Cela dit, les chiffres de la sécurité routière semblent montrer que ces politiques semblent produire leurs effets. En 2024, 470 personnes ont perdu la vie sur les routes belges, le plus bas niveau jamais enregistré. Un chiffre encourageant alors que le pays vise l’objectif « zéro mort en 2050 ».
Mais la répression seule ne suffira pas. Des infrastructures mieux conçues, une sensibilisation renforcée et un meilleur suivi des récidivistes sont essentiels pour aller plus loin. Les autorités ont en outre encore des leviers à actionner et notamment trouver une meilleure coordination entre les différentes autorités : un conducteur multipliant les petits excès échappe encore souvent à toute véritable sanction. Le gouvernement a prévu d’y remédier avec la création d’une base de données centralisée des récidivistes afin de croiser les informations issues des différentes autorités.
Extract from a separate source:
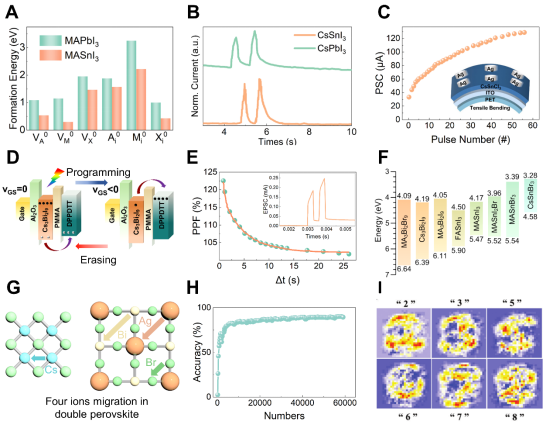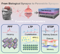 文章基于生物体信息传递的方式,提出了一个人工神经突触的评价标准:PPF指数、LTP持续时间和STDP的实现。并且本文以无铅钙钛矿神经突触为例,系统地介绍了三种参数在钙钛矿突触中的作用机制,包括空位的形成、带隙的调节和空穴电子复合的抑制。最后为了提高人工突触的性能,我们给出了通过替代元素和可选结构来平衡无铅钙钛矿突触的高性能和稳定性的简单方法,促进了钙钛矿突触在人工智能应用中的发展。
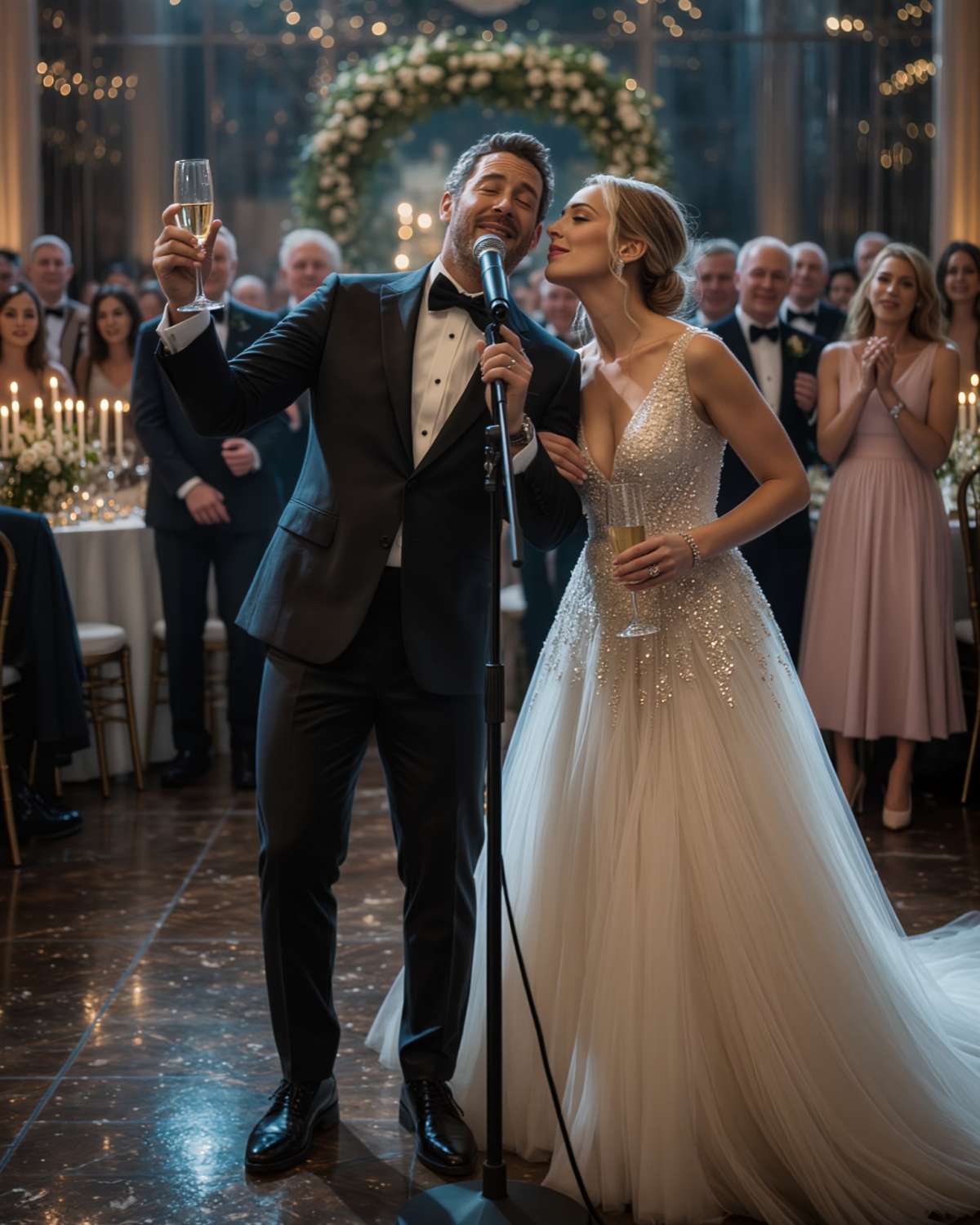 He stepped forward, took the microphone, and lifted his glass like he was the hero of a love story.

Moins de distractions aussi
Si les excès de vitesse monopolisent le gros du chiffre des amendes, d’autres comportements ont toutefois évolué. Moins de conducteurs sont surpris au téléphone ou sans ceinture de sécurité. En revanche, les franchissements de feux rouges augmentent, tout comme les tests positifs à la drogue au volant. L’alcool, lui, reste stable et toujours préoccupant avec plus de 46.000 infractions recensées.